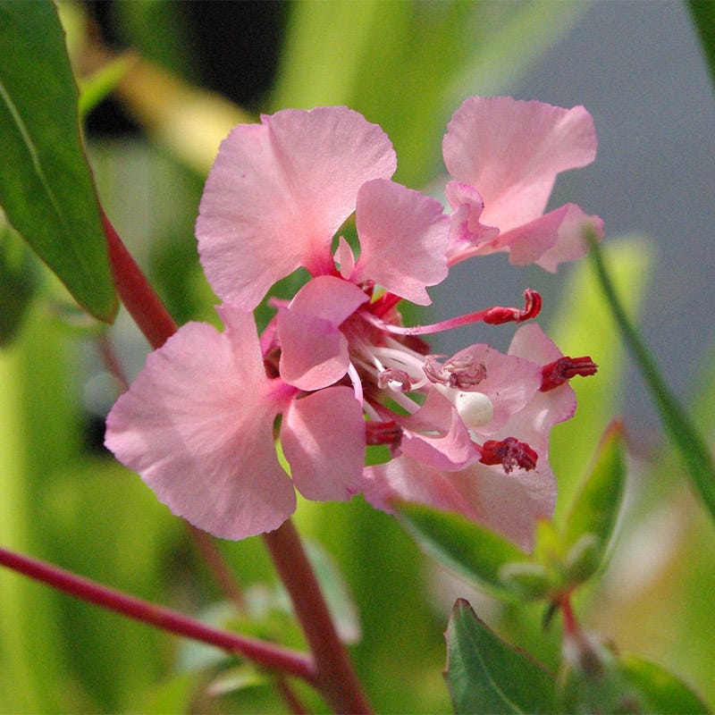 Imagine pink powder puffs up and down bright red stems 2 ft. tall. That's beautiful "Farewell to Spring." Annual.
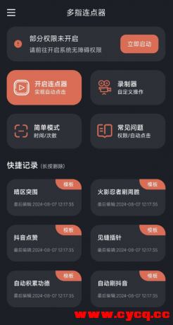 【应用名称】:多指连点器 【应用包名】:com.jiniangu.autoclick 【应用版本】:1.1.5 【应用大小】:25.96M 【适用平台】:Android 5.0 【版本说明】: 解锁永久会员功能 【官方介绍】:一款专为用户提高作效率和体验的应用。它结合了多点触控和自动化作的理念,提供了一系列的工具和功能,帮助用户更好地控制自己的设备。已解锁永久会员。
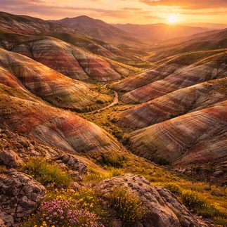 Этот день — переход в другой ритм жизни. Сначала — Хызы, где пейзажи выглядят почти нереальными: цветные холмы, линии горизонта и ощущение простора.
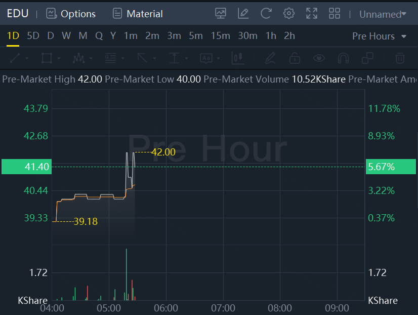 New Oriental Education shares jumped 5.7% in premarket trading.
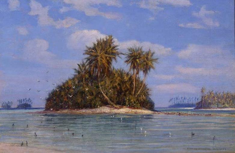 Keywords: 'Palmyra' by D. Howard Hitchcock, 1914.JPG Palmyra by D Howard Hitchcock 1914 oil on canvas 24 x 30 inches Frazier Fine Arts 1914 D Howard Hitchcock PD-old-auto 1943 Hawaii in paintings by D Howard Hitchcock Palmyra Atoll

** What needs to be done **
Give the data above again in full and unchanged, skipping the pictures.

** Solution for this task **
 Imagine pink powder puffs up and down bright red stems 2 ft. tall. That's beautiful "Farewell to Spring." Annual.
 【应用名称】:多指连点器 【应用包名】:com.jiniangu.autoclick 【应用版本】:1.1.5 【应用大小】:25.96M 【适用平台】:Android 5.0 【版本说明】: 解锁永久会员功能 【官方介绍】:一款专为用户提高作效率和体验的应用。它结合了多点触控和自动化作的理念,提供了一系列的工具和功能,帮助用户更好地控制自己的设备。已解锁永久会员。
 Этот день — переход в другой ритм жизни. Сначала — Хызы, где пейзажи выглядят почти нереальными: цветные холмы, линии горизонта и ощущение простора.
 New Oriental Education shares jumped 5.7% in premarket trading.
 Keywords: 'Palmyra' by D. Howard Hitchcock, 1914.JPG Palmyra by D Howard Hitchcock 1914 oil on canvas 24 x 30 inches Frazier Fine Arts 1914 D Howard Hitchcock PD-old-auto 1943 Hawaii in paintings by D Howard Hitchcock Palmyra Atoll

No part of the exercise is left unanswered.